**Task directions**
From the first line of the data through the line containing "Summary: This paper", transcribe each line exactly. Pictures do not belong in the copy.

**Dataset extract**
>>>
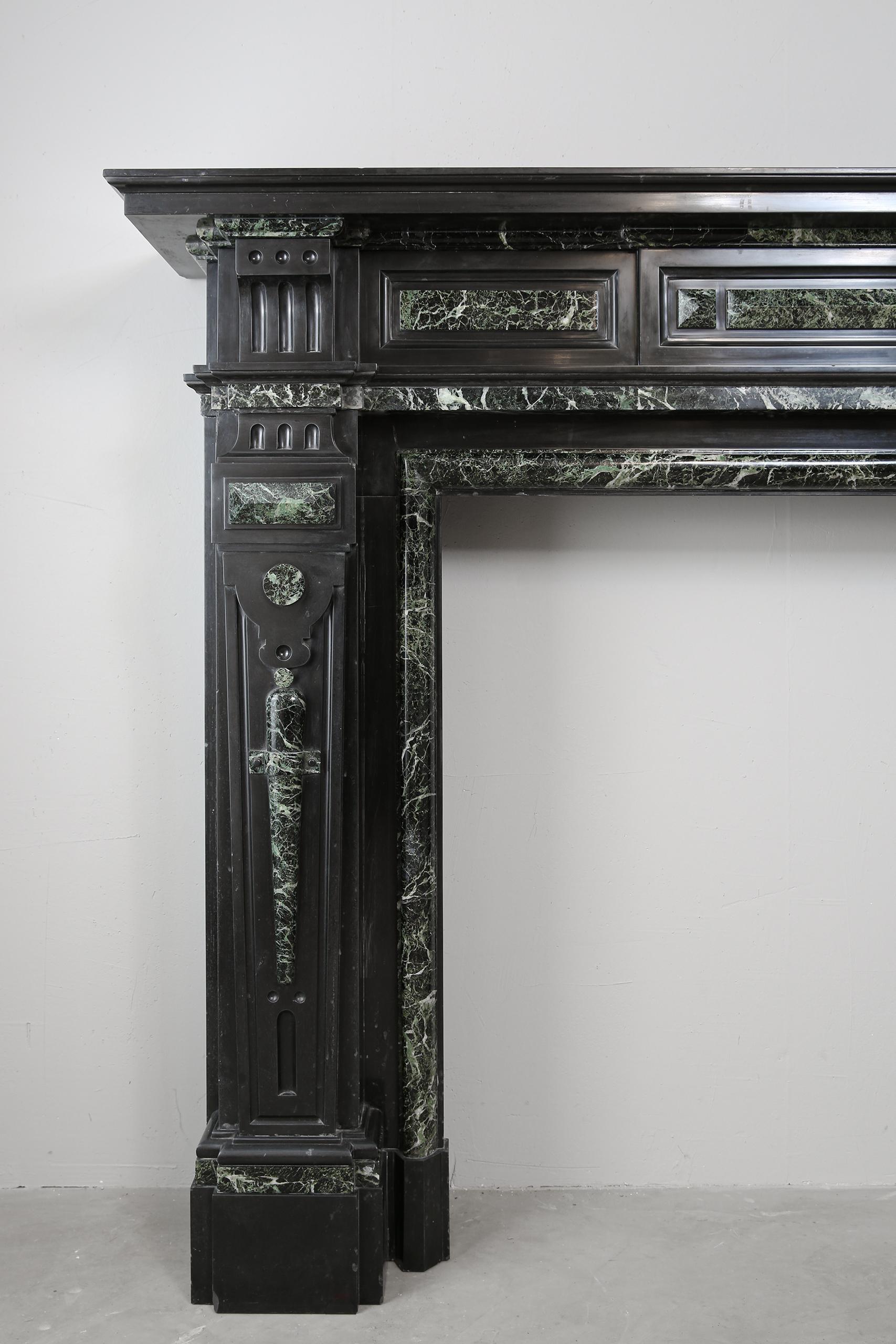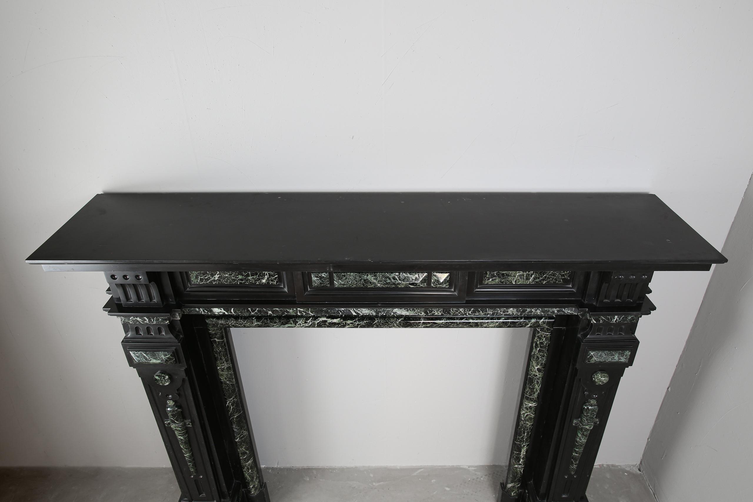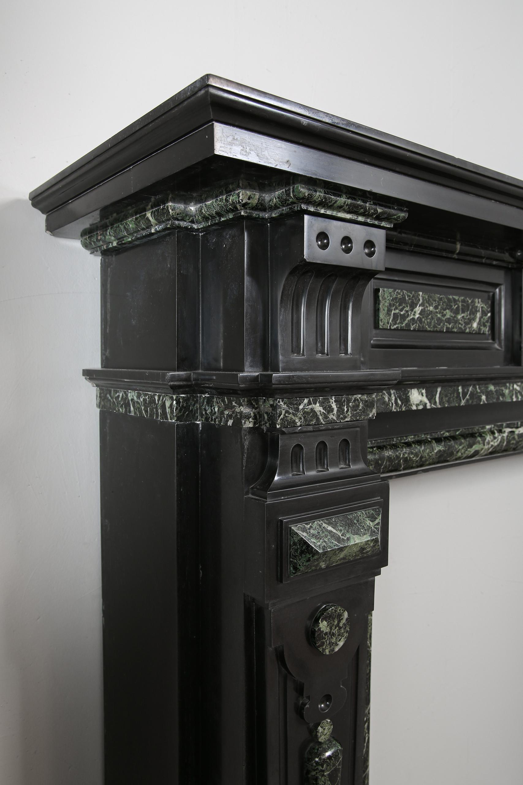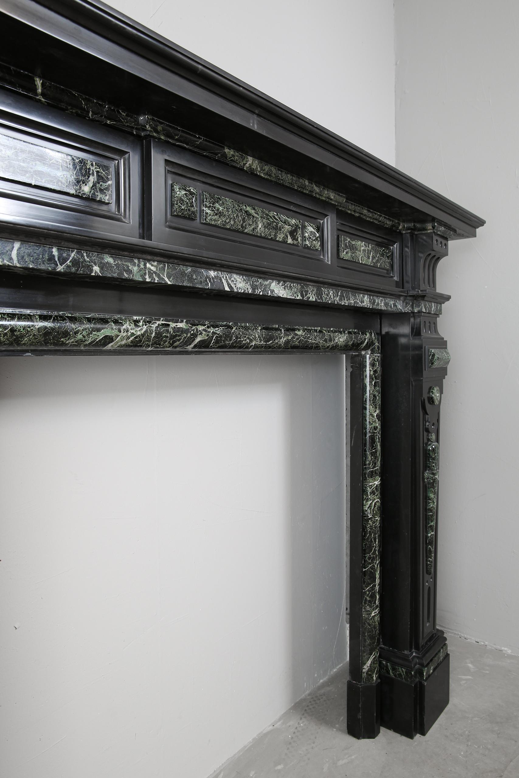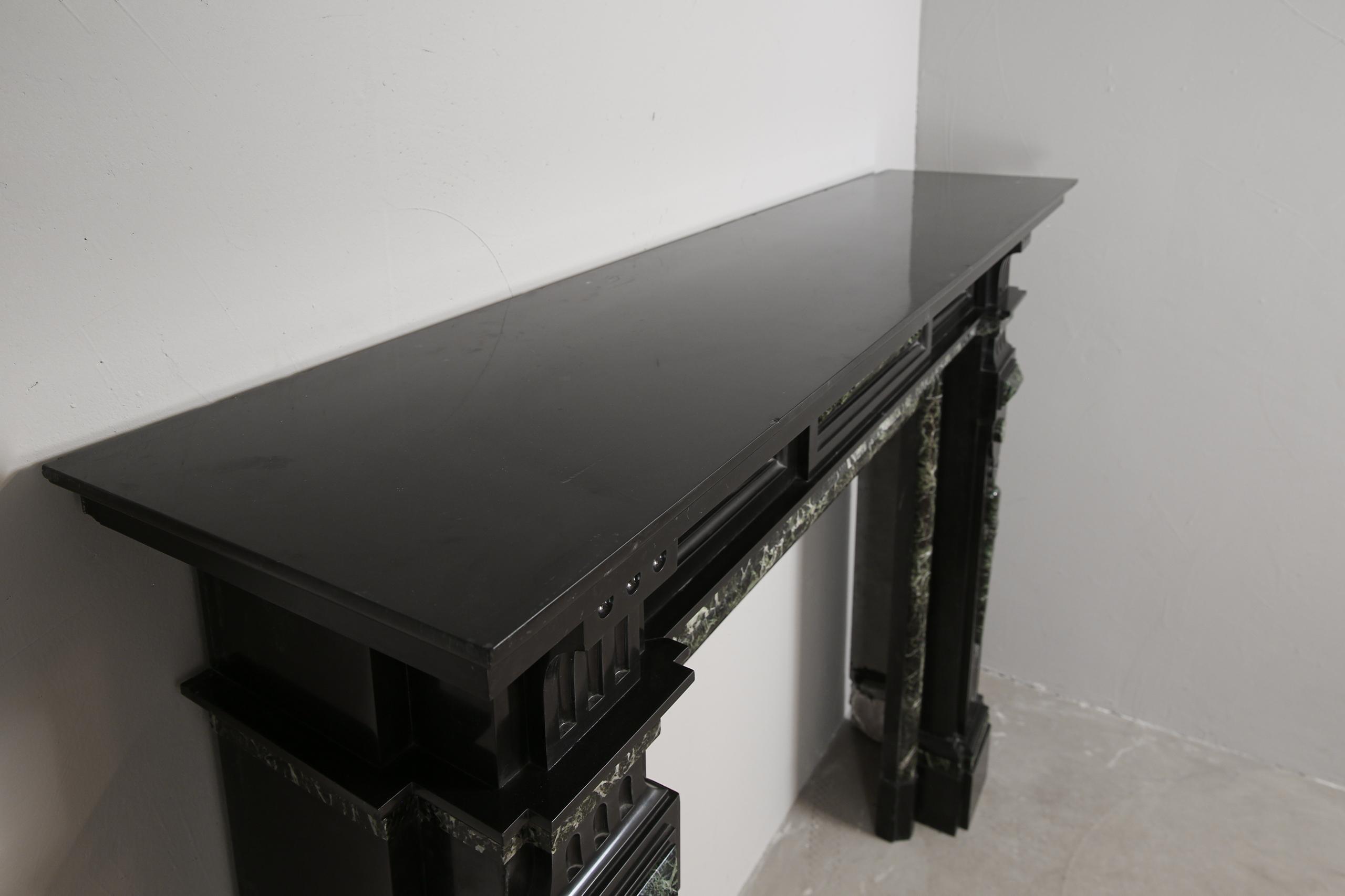 Grand neoclassical black and green marble antique fireplace surround. The quality of the marble on this fireplace is exceptional. The Noir de Mazy black marble has a shine that is not common. The deep shine gives this piece an exceptional appearance. This fantastic fireplace is a special piece in our collection. The Noir de Mazy black marble combined with marble Verde. The details continue from the skirting boards of the consoles to the top, which is finished with green trim. The consoles are really nice, decorated with a wrought iron ornament in green marble. The formats are the fireplace are very special the height and thickness of the marble you do not see every day with this type of fireplaces.
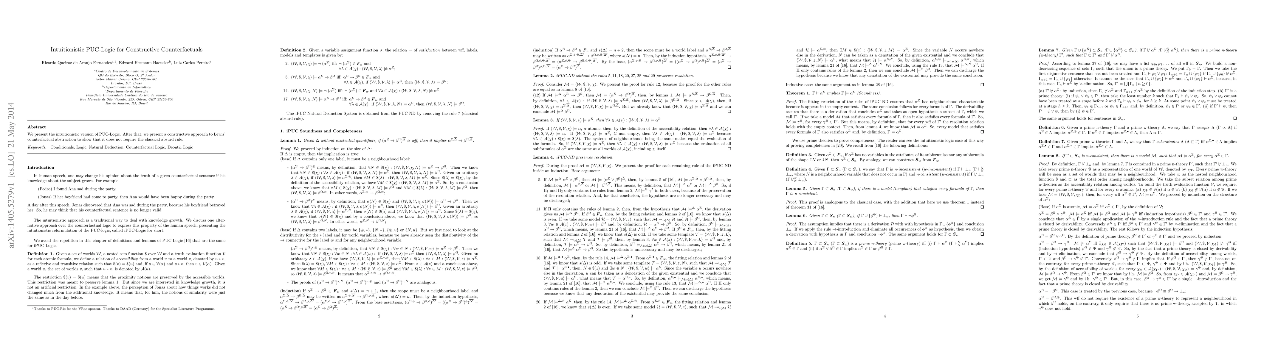 Summary: This paper introduces intuitionistic PUC-Logic and demonstrates a constructive method for counterfactuals in Lewis' framework, proving that it does not necessitate the classical absurd rule.
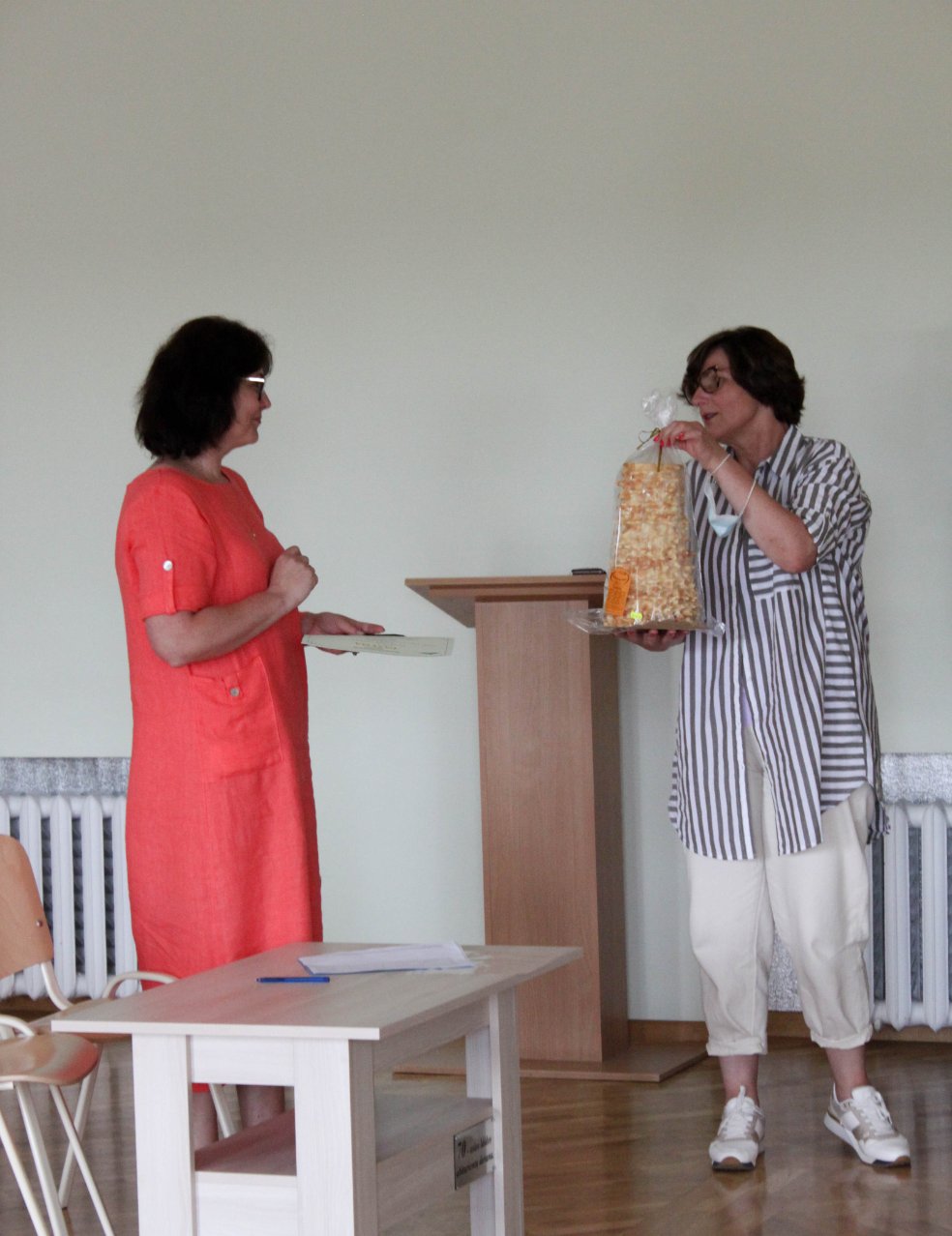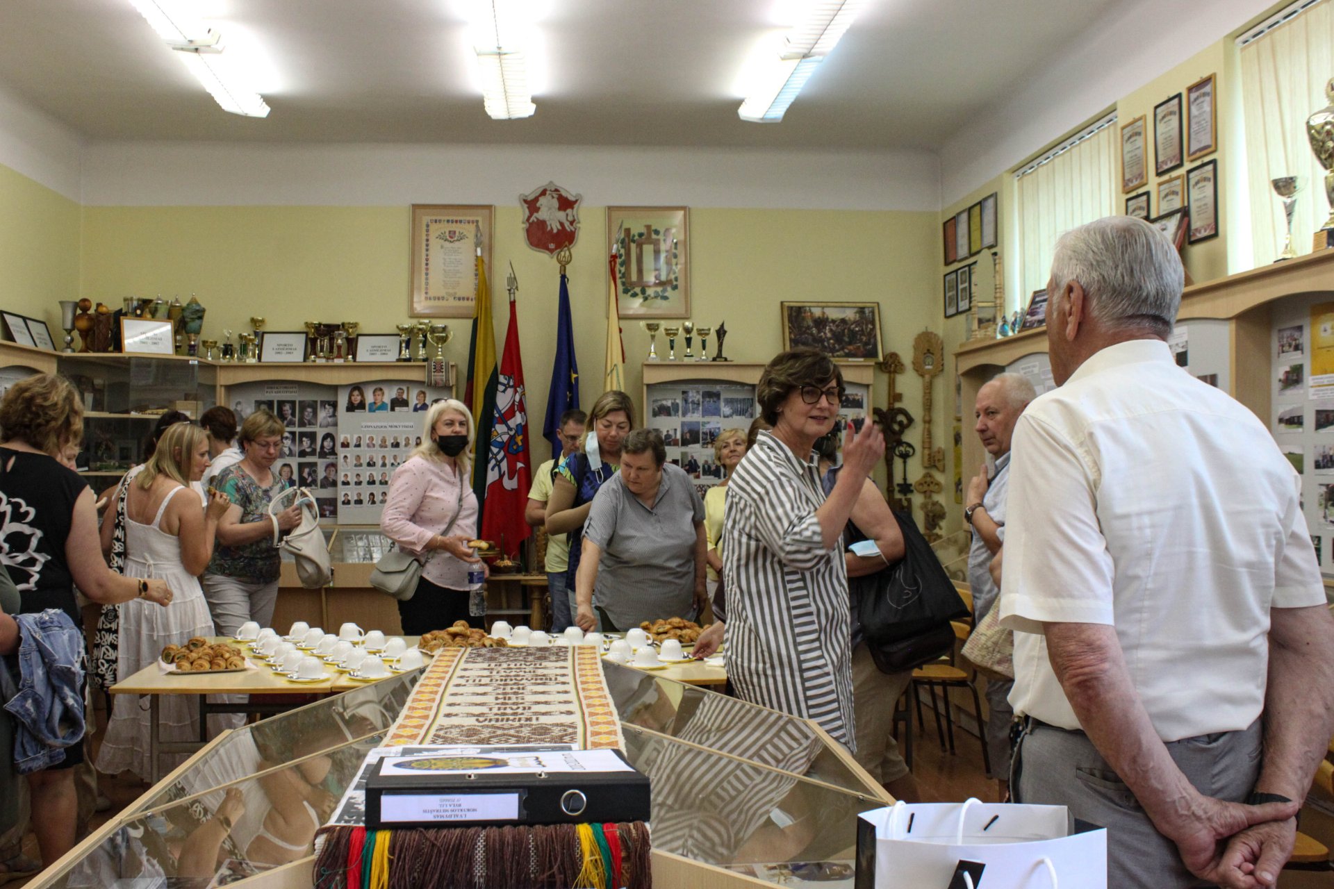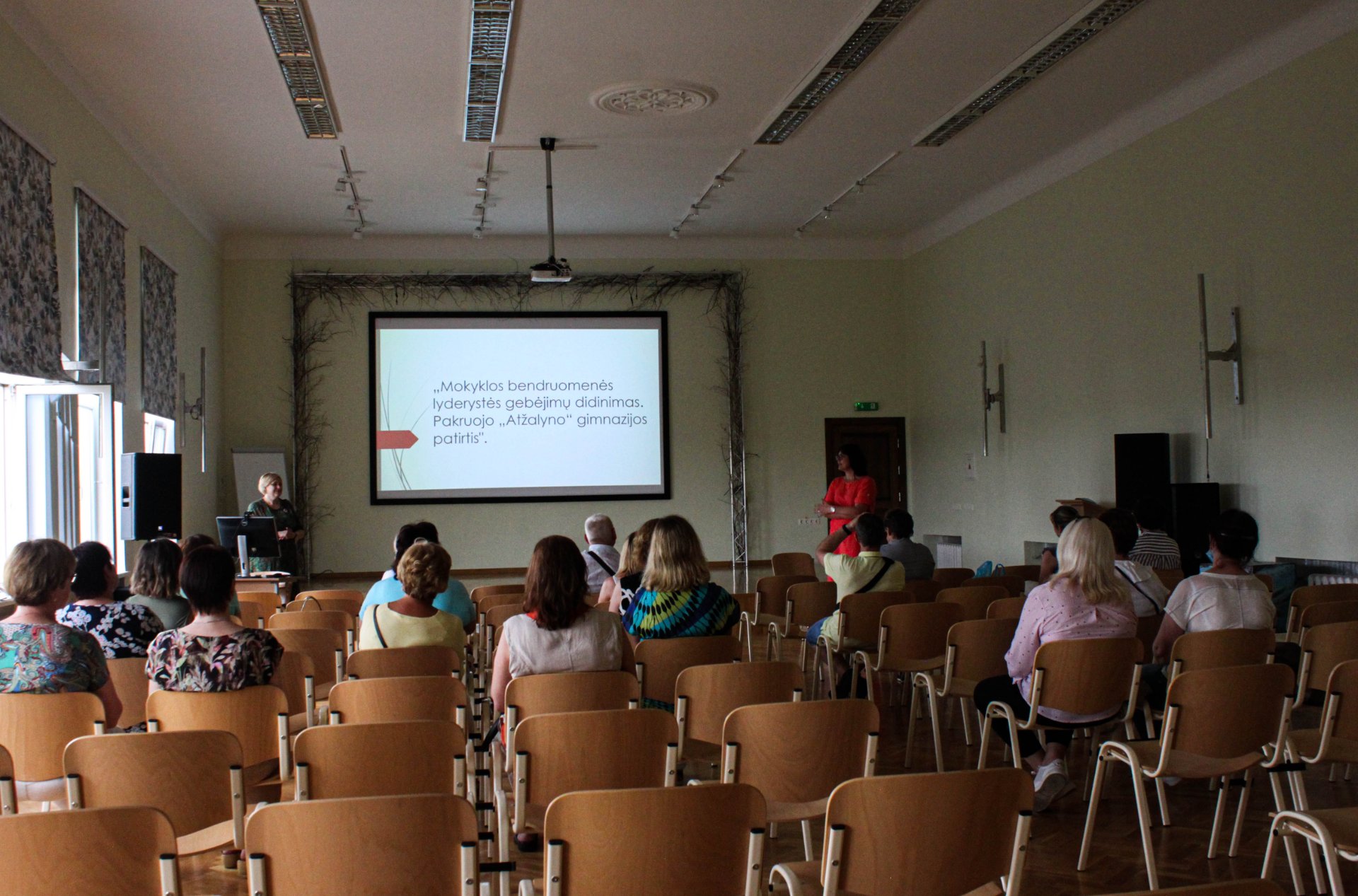 Birželio 25 d. į mūsų gimnaziją užsuko Kretingos rajono Salantų gimnazijos administracija ir mokytojai. Posėdžių ir konferencijų salėje „Atžalyno“ gimnazijos direktoriaus pavaduotoja ugdymui, atliekanti direktoriaus pareigas Rasa Bertulienė ir direktoriaus pavaduotoja ugdymui Rasa Augustinaitienė svečiams pristatė gimnazijos mokymosi aplinkas, įvairias veiklas, įgyvendintus ir vykdomus vietinius ir tarptautinius projektus, vestas integruotas ir atviras pamokas ne tik gimnazijoje, bet ir svečiose šalyse. Kiek vėliau gimnazijos muziejaus vadovas Vidutis Skirmantas aprodė svečiams muziejaus eksponatus, papasakojo mokyklos istoriją, kartu su mūsų gimnazijos administracija maloniai pabendrauta prie arbatos puodelio. Po to visi pakviesti apžiūrėti renovuotų kabinetų. Smagu buvo patirti bendrystės jausmą ir pagalvoti apie bendradarbiavimą ateityje.
<<<
**Exercise response**
 Grand neoclassical black and green marble antique fireplace surround. The quality of the marble on this fireplace is exceptional. The Noir de Mazy black marble has a shine that is not common. The deep shine gives this piece an exceptional appearance. This fantastic fireplace is a special piece in our collection. The Noir de Mazy black marble combined with marble Verde. The details continue from the skirting boards of the consoles to the top, which is finished with green trim. The consoles are really nice, decorated with a wrought iron ornament in green marble. The formats are the fireplace are very special the height and thickness of the marble you do not see every day with this type of fireplaces.
 Summary: This paper introduces intuitionistic PUC-Logic and demonstrates a constructive method for counterfactuals in Lewis' framework, proving that it does not necessitate the classical absurd rule.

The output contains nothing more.